> What the task requires
With the pictures removed, write out the full listing below exactly.

> Raw data
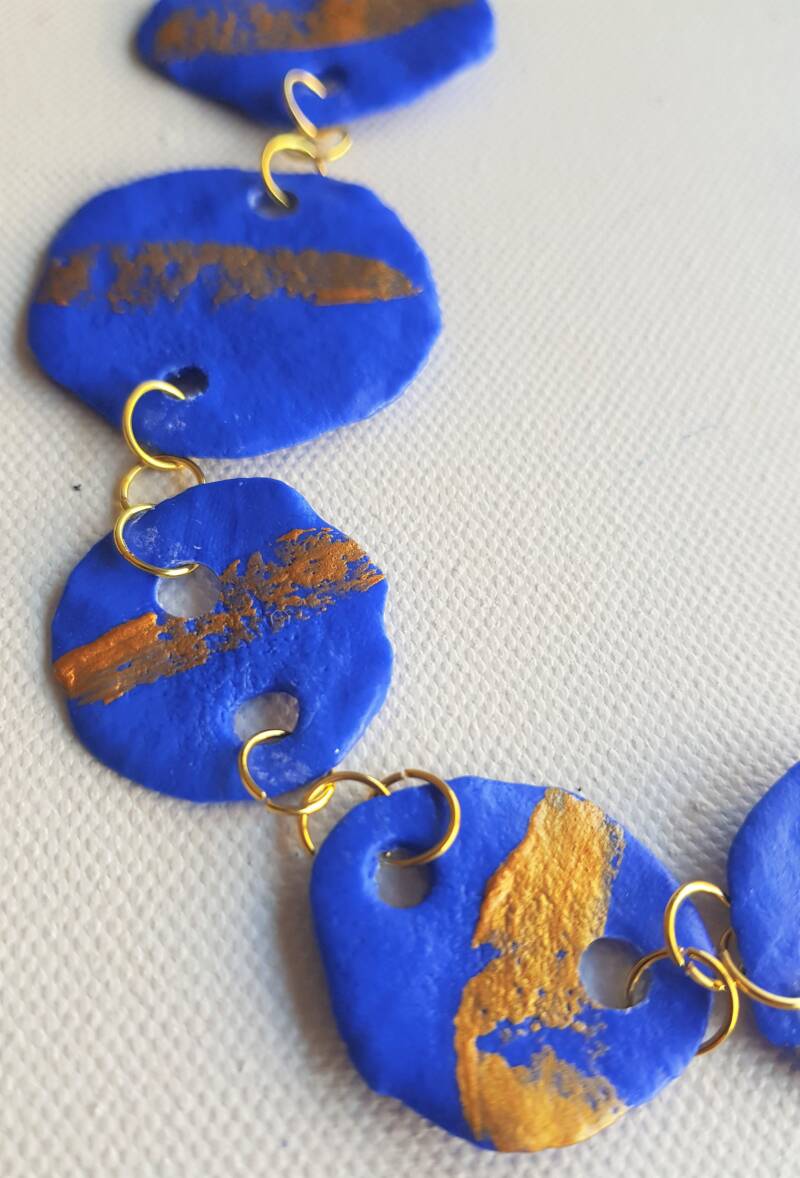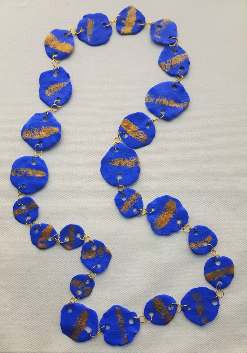 Polymer clay, acrylic paint, stainless steel
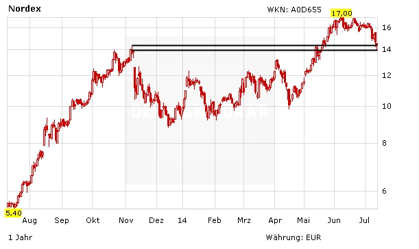 DER AKTIONÄR ist dagegen deutlich zuversichtlicher. Auch durch den Rücksetzer wird die Ausgangslage für die Nordex-Aktie nicht schlechter. 1,5 Milliarden Euro wird der Windkraftanlagenbauer im laufenden Jahr an Umsatz stemmen, bei einer Marge zwischen 3,5 und 4,5 Prozent liegen. Hinzu kommt: Die Auftragslage ist gut.
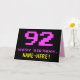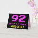 Fun, Nerdy, Geeky, Pink, 8-Bit Style 92nd Birthday Card

> Output of the task
 Polymer clay, acrylic paint, stainless steel
 DER AKTIONÄR ist dagegen deutlich zuversichtlicher. Auch durch den Rücksetzer wird die Ausgangslage für die Nordex-Aktie nicht schlechter. 1,5 Milliarden Euro wird der Windkraftanlagenbauer im laufenden Jahr an Umsatz stemmen, bei einer Marge zwischen 3,5 und 4,5 Prozent liegen. Hinzu kommt: Die Auftragslage ist gut.
 Fun, Nerdy, Geeky, Pink, 8-Bit Style 92nd Birthday Card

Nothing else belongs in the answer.